"""
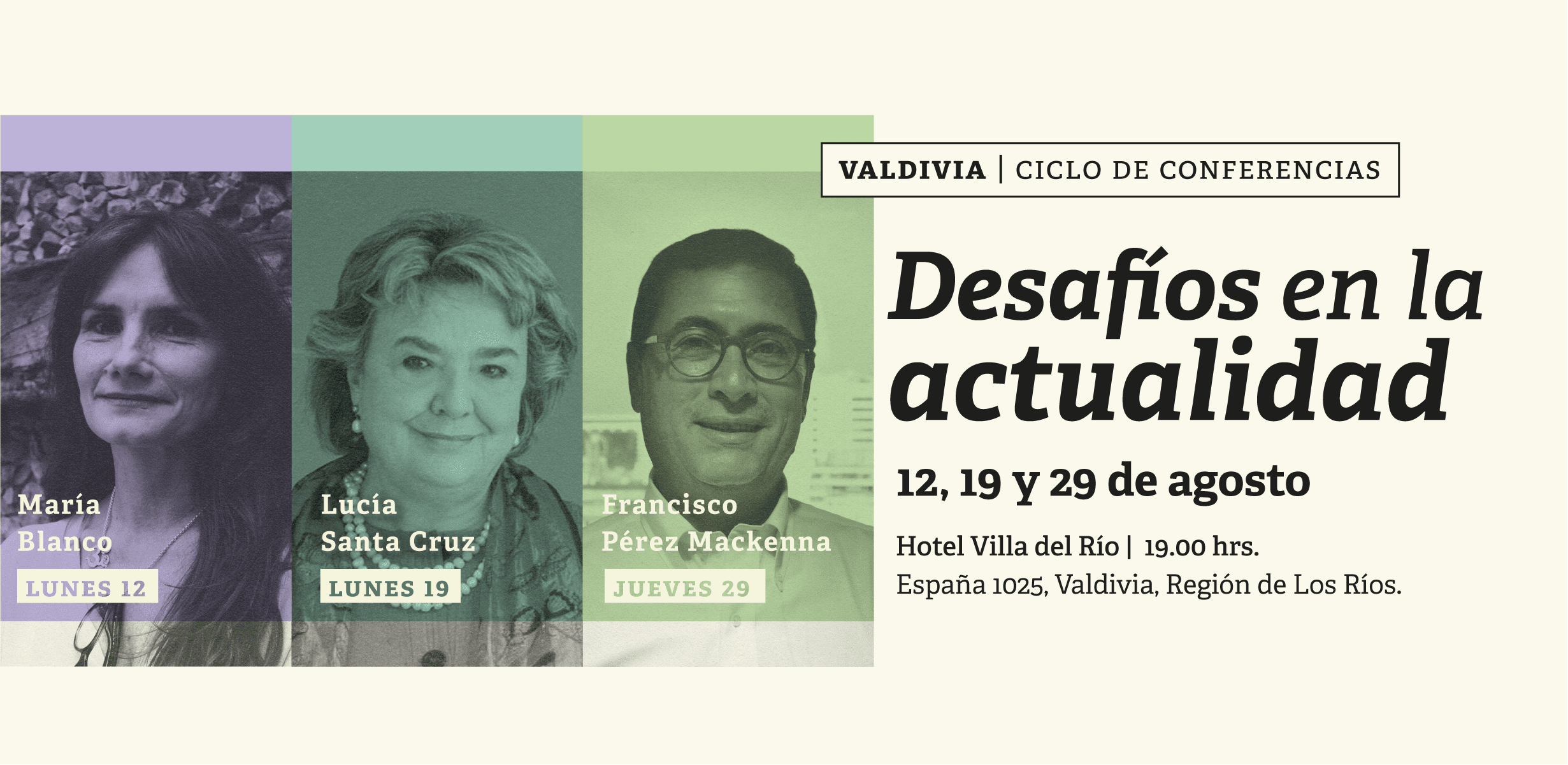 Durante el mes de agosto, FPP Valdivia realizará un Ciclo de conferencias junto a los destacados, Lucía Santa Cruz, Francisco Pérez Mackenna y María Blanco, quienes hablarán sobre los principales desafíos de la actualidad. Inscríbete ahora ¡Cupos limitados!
"""
"""
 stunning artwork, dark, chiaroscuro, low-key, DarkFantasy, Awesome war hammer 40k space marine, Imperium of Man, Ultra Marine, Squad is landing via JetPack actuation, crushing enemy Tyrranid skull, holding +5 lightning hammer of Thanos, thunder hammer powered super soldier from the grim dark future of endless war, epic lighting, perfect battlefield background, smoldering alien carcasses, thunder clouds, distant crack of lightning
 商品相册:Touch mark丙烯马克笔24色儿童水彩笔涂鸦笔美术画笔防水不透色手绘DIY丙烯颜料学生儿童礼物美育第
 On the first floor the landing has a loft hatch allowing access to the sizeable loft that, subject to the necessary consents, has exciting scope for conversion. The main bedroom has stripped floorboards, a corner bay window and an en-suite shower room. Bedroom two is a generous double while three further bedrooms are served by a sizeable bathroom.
"""
What lines above hold the word "landing"? List them all.

# Reply to the task
 stunning artwork, dark, chiaroscuro, low-key, DarkFantasy, Awesome war hammer 40k space marine, Imperium of Man, Ultra Marine, Squad is landing via JetPack actuation, crushing enemy Tyrranid skull, holding +5 lightning hammer of Thanos, thunder hammer powered super soldier from the grim dark future of endless war, epic lighting, perfect battlefield background, smoldering alien carcasses, thunder clouds, distant crack of lightning
 On the first floor the landing has a loft hatch allowing access to the sizeable loft that, subject to the necessary consents, has exciting scope for conversion. The main bedroom has stripped floorboards, a corner bay window and an en-suite shower room. Bedroom two is a generous double while three further bedrooms are served by a sizeable bathroom.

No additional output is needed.